**Aim of the task**
Return each line in the records below that includes "faza".

[Data records]
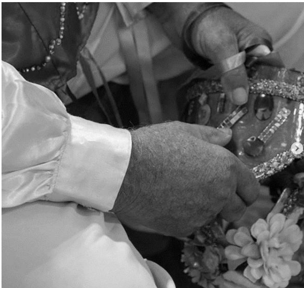
Figura 22 - Idoso participante do Grupo de Reisado de Zabelê / Zabelê - PB
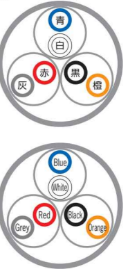
例)3対 ex) 3P
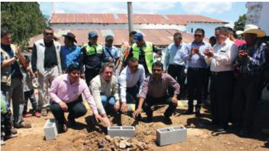
El gerente general del Proyecto de Cierre Marlin (de beige), junto a miembros de la corporación municipal sipacapense.

La obra tiene un amplio corredor para subir al segundo piso. La seguridad personal fue uno de los
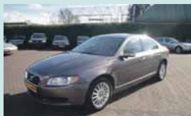
Volvo S80 3.2 Summum 2007 42.451 KM € 16.950,- Auto Paashuis Lichtenvoorde
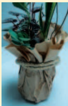
13. 透明膠帶處加粗麻繩裝飾
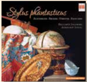
Stylus phantasticus in der norddeutschen Instrumentalmusik des 17. Jahrhunderts 2009 BERLIN Classics 0016572BC
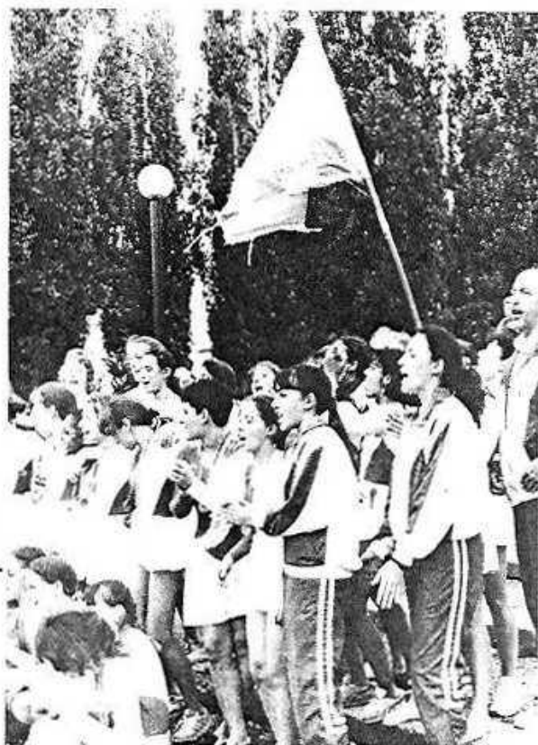
Marseille, l'une des équipes les plus sympathiques du festival

Pour le petit millier de personnes venues des 4 coins de France, Dunkerque, St-Malo, Mugron (Landes), Marseille, Fossey... et qui pour beaucoup possèdent pour la première fois les poids sur le sol Normand, le seul nom d'Argentan évoquera à jamais le souvenir d'une belle fête.
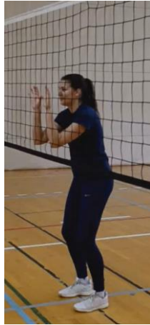
Slika 2. Početna faza bloka

Pripremna faza: igrač postavlja svoje tijelo u projekciju zaleta protivničkog smečera. Ukoliko to nije ispred njega, nego se treba premjestiti na drugi dio mreže, odabire jednu od tehnika kretanja.
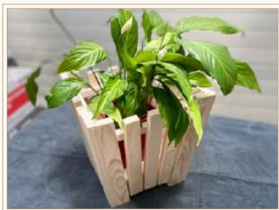
CACHE-POT « MAGALI »

PETIT APERÇU : NOUS POUVONS FAIRE DU NEUF AVEC DU VIEUX !
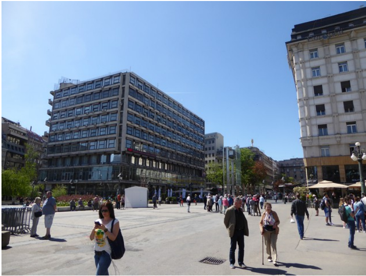
Republikkplassen _ Trg republike
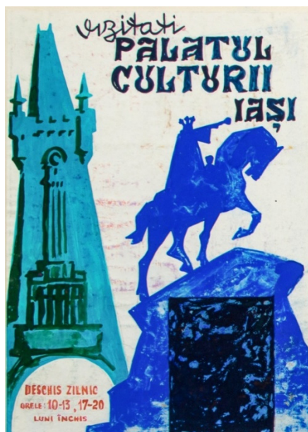
Figura 8. Afiș pentru Palatul Culturii
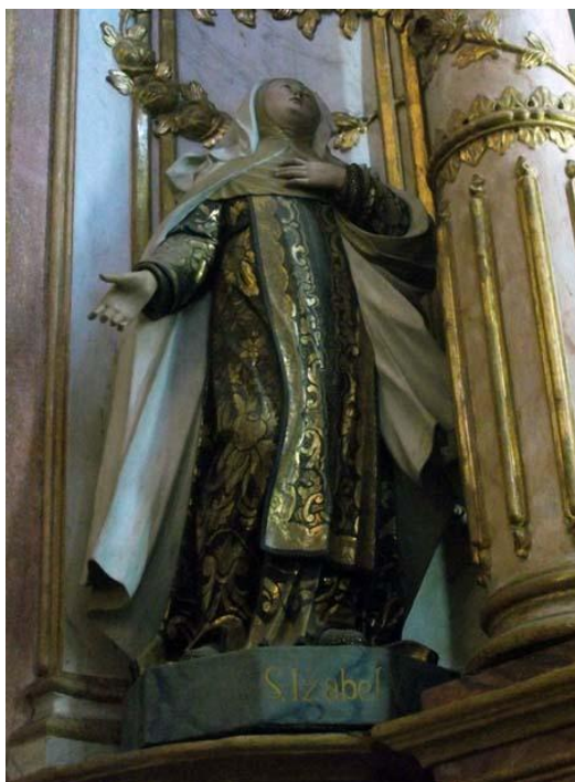
Fig. 5 - S. Izabel V. Séc. XVIII? Autor: Desconhecido. Fev. 2011.

não identifica que estátuas eram essas e se seriam as mesmas que vemos nos dias atuais (Fig. 5 e 6). 11
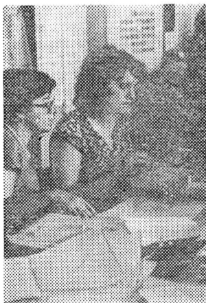
Укладають договори на закупівлю продукції.
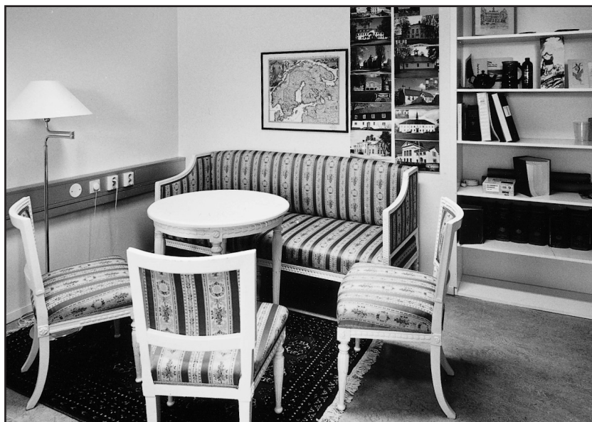
Gustaviansk soffgrupp. Donation ca 1890.
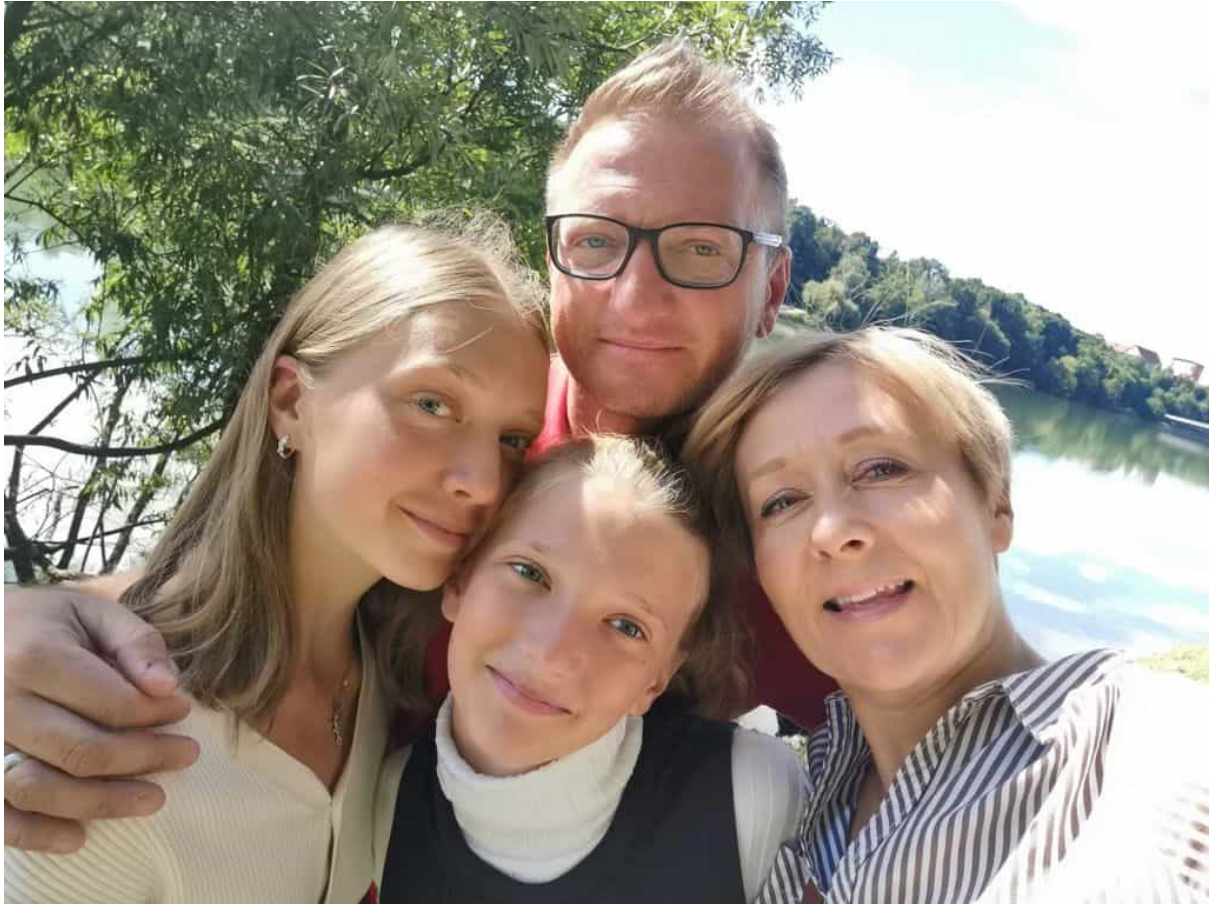
Družinski portret

Ime je redko, izbral pa ga je moj oče. V bistvu je kitajsko in v slovenščini pomeni 'najdražja'. To, ali pa me opisuje pa morajo povedati drugi, jaz mislim, da mi pristaja.
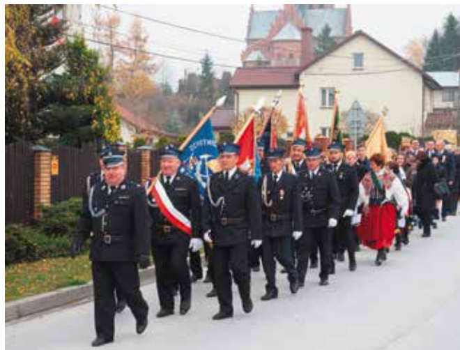
Strażacy poprowadzili przemarsz do hali sportowej.
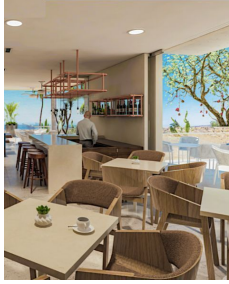
Zona de grill y comedores BBQ area and dining
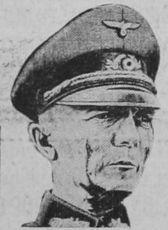
Mariscal de Campo Fedor von Bock, cuyo cadáver fue encontrado por los aliados en un sitio aun no especificado. Von Bock fue el hombre que dirigió la invasión a Rusia. Ahora le tocó su turno. Es uno menos.
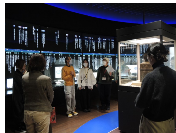
第 2 回 SMMA 研修会

**Result of the task**
Slika 2. Početna faza bloka
Pripremna faza: igrač postavlja svoje tijelo u projekciju zaleta protivničkog smečera. Ukoliko to nije ispred njega, nego se treba premjestiti na drugi dio mreže, odabire jednu od tehnika kretanja.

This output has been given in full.